From: Jakub Wartak <Jakub(dot)Wartak(at)tomtom(dot)com>
To: Stephen Frost <sfrost(at)snowman(dot)net>
Cc: pgsql-hackers <pgsql-hackers(at)postgresql(dot)org>
Subject: Re: automatic analyze: readahead - add "IO read time" log message
Date: 2020-11-03 09:33:31
Message-ID: VI1PR0701MB696040EA07BC742E18313060F6110@VI1PR0701MB6960.eurprd07.prod.outlook.com
Views: Raw Message | Whole Thread | Download mbox | Resend email
Thread:
Lists: pgsql-hackers

Hi Stephen, hackers,

>> > With all those 'readahead' calls it certainly makes one wonder if the
>> > Linux kernel is reading more than just the block we're looking for
>> > because it thinks we're doing a sequential read and will therefore want
>> > the next few blocks when, in reality, we're going to skip past them,
>> > meaning that any readahead the kernel is doing is likely just wasted
>> > I/O.
>> I've done some quick&dirty tests with blockdev --setra/setfra 0 after spending time looking at the smgr/md/fd API changes required to find shortcut, but I'm getting actually a little bit worse timings at least on "laptop DB tests". One thing that I've noticed is that needs to be only for automatic-analyze, but not for automatic-vacuum where apparently there is some boost due to readahead.

>Interesting that you weren't seeing any benefit to disabling readahead.

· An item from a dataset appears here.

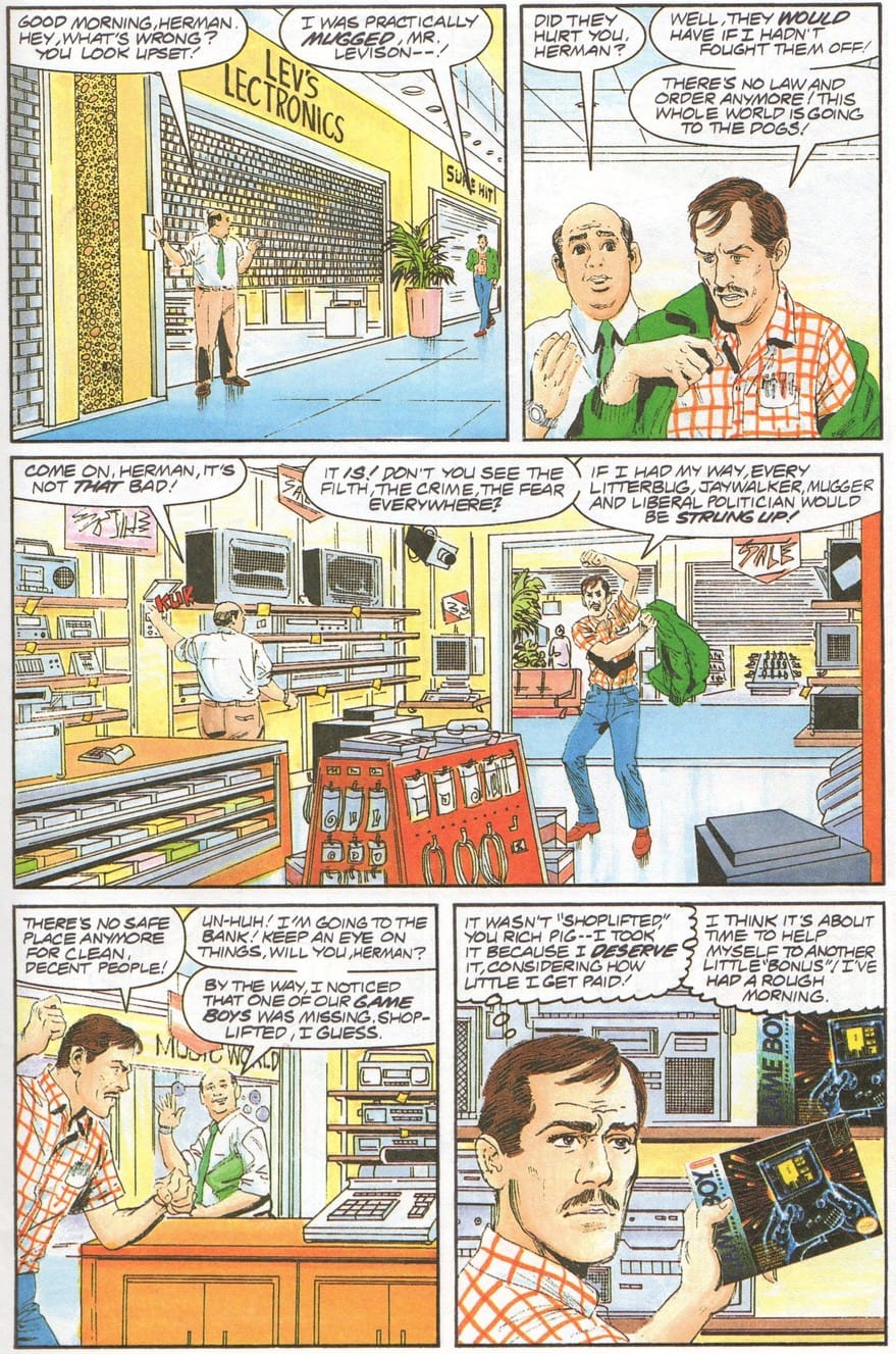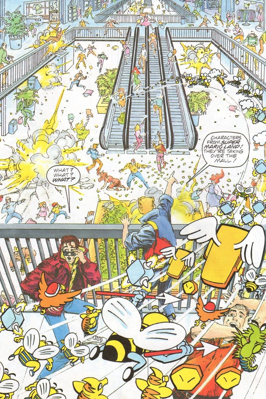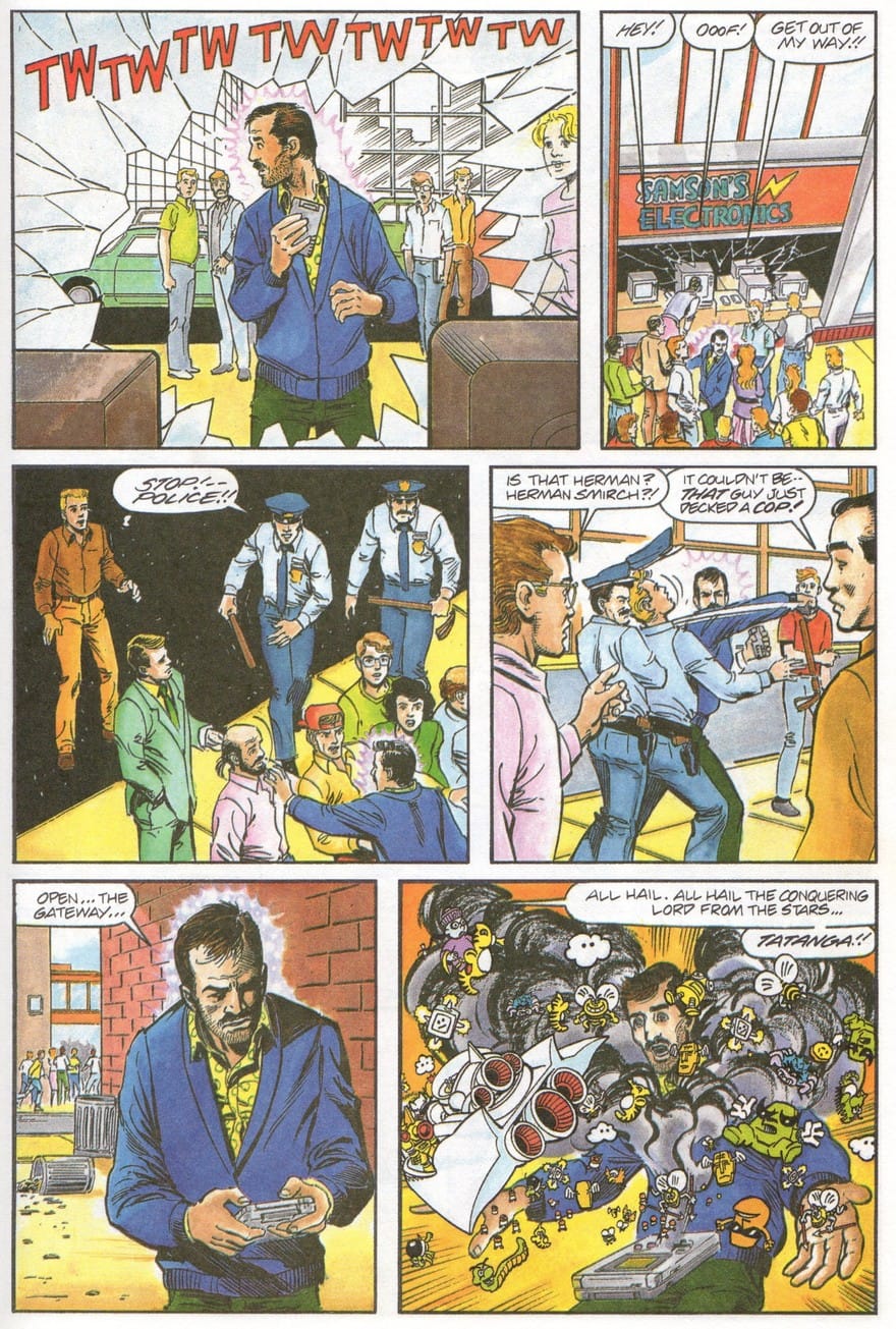 These comics continued for four issues, across which the ill-begotten Herman would summon Tatanga to our world, usually under the influence of a Game Boy. The action contained within would completely abandon the guidelines and restrictions set by most Nintendo standards. Over the course of the comics, Herman would use a brick to shatter the window of an electronics store, openly steal a Game Boy, and assault a police officer who tried to stop him from freeing Tatanga. Via the command of videogame characters, Herman stole a semi-truck, hijacked a plane, and kidnapped a young girl. This was such a contrast to the playful comics and cartoons of the day, where Nintendo properties told humorous stories and encouraged kids to purchase and enjoy their wares. Instead, the readers were presented a tale where Nintendo products were used to influence violent deeds and summon terrible warlords to conquer our homelands.
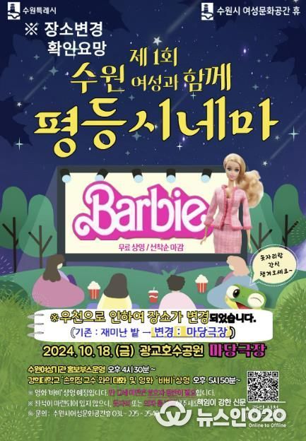 (뉴스인020 = 박용우 기자) 수원시 여성문화공간-휴(休)가 18일 양성평등 문화확산을 위한 시민 참여 프로그램 ‘제1회 수원여성과 함께 평등시네마’를 광교호수공원 마당극장에서 연다.

I've got some free minutes and I have repeated the exercise in more realistic
and strict environment that previous one to conclude that the current situation is preferable:

Analyzed table was having 171GB (as reported by \dt+) + indexes: 35GB, 147GB, 35GB, 65GB (as reported by \di+)
Linux kernel 4.14.x, 2x NVME under dm-0 (it might matter as /dev/dm-0 might is different layer and might have different storage settings), VG on top of dm-0, LV with stripe-size 8kB, ext4.
s_b=128MB, RAM=128GB (- ~30GB which were reserved for HugePages), typical output of PgSQL12:
INFO: "x": scanned 1500000 of 22395442 pages, containing 112410444 live rows and 0 dead rows; 1500000 rows in sample, 1678321053 estimated total rows

Hot VFS cache:
Run0: Defaults, default RA on dm-1=256 (*512=128kB), most of the time is spent heapam_scan_analyze_next_block() -> .. -> pread() which causes ~70..80MB/s as reported by pidstat, maximum 22-25% CPU, ~8k IOPS in iostat with average request size per IO=25 sectors(*512/1024 = ~12kB), readahead on, hot caches, total elapsed ~3m
Run1: Defaults, similar as above (hot VFS cache), total elapsed 2m:50s
Run2: Defaults, similar as above (hot VFS cache), total elapsed 2m:42s
Run3: Defaults, miliaria as above (hot VFS cache), total elapsed 2m:40s

No VFS cache:
Run4: echo 3 > drop_caches, still with s_b=128MB: maximum 18-23% CPU, ~70MB/s read, ondemand_readahead visible in perf, total elapsed 3m30s
Run5: echo 3 > drop_caches, still with s_b=128MB: same as above, total elapsed 3m29s
Run6: echo 3 > drop_caches, still with s_b=128MB: same as above, total elapsed 3m28s

No VFS cache, readahead off:
Run7: echo 3 > drop_caches, still with s_b=128MB, blockdev --setra 0 /dev/dm-0: reads at 33MB/s, ~13% CPU, 8.7k read IOPS @ avgrq-sz = 11 sectors (*512=5.5kB), total elapsed 5m59s
Run8: echo 3 > drop_caches, still with s_b=128MB, blockdev --setra 0 /dev/dm-0: as above, double-confirmed no readaheads [ pread()->generic_file_read_iter()->ext4_mpage_readpages()-> bio.. ], total elapsed 5m56s
Run9: echo 3 > drop_caches, still with s_b=128MB, blockdev --setra 0 /dev/dm-0: as above, total elapsed 5m55s

One thing not clear here is maybe in future worth measuring how striped LVs are being
affected by readaheads.

>Were you able to see where the time in the kernel was going when
>readahead was turned off for the ANALYZE?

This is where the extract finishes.